Girl who mum thought was ‘just clumsy’ had life-limiting disorder

Nicola Morris thought her daughter Imogen was simply clumsy as a young girl. She first noticed that she was unsteady on her feet when she was just two years old.

Fast-forward to today and Nicola has to support Imogen, who is now 15, to walk, eat and bathe herself. She said she watches her “deteriorate every day”.

Nicola, from Oldham, spent years trying to get answers from doctors. Eventually, she was told that Imogen had a rare genetic disorder that would see her movement and abilities get worse over time – and she could lose her sight.

Now, mum-of-three Nicola is hoping to travel to the Netherlands to see specialists who are working on treatments for those with Imogen’s condition.
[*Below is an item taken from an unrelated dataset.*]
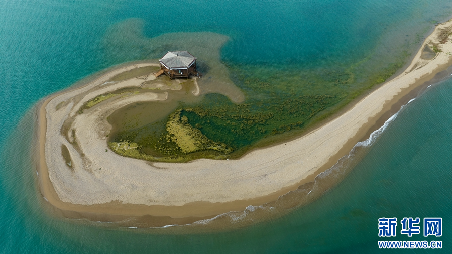 這是8月2日拍攝的青海湖二郎劍景區(qū)二郎劍半島。(無(wú)人機(jī)照片)新華網(wǎng) 郭勇良 攝

Speaking to the MEN, single mum Nicola said: “I always noticed things that were different about Imogen, even from being as young as two or three. Her balance was poor, she was clumsy on her feet and would fall over all the time.

“At first we just thought it was her being young, and she was my first child so I couldn’t compare it to anything, but I started noticing she was getting worse. She was referred to physio and occupational therapy, but then in year two she couldn’t walk without holding onto things, couldn’t step through doors and was becoming less steady on her feet.

“I pushed for her to be seen by someone and she was diagnosed with dyspraxia and autism. I saw her regress more, she started having tremors and spasms, so I pushed for another referral to see a neurologist.

“She was referred for an MRI scan and it came back she had white matter on her brain. Genetics testing confirmed to us in 2015 that she had Leukodystrophy.”

Imogen’s rare form of the disease, 4H Leukodystrophy, is incurable. She has the mutation POLR3B. It is a rare genetic disorder that affects the nervous system.

4H leukodystrophy is inherited and only occurs when both parents carry the genetic mutation, but generally have no symptoms themselves. People living with the condition often have motor problems, such as stiffness of the muscles and joints or with balance and their coordination.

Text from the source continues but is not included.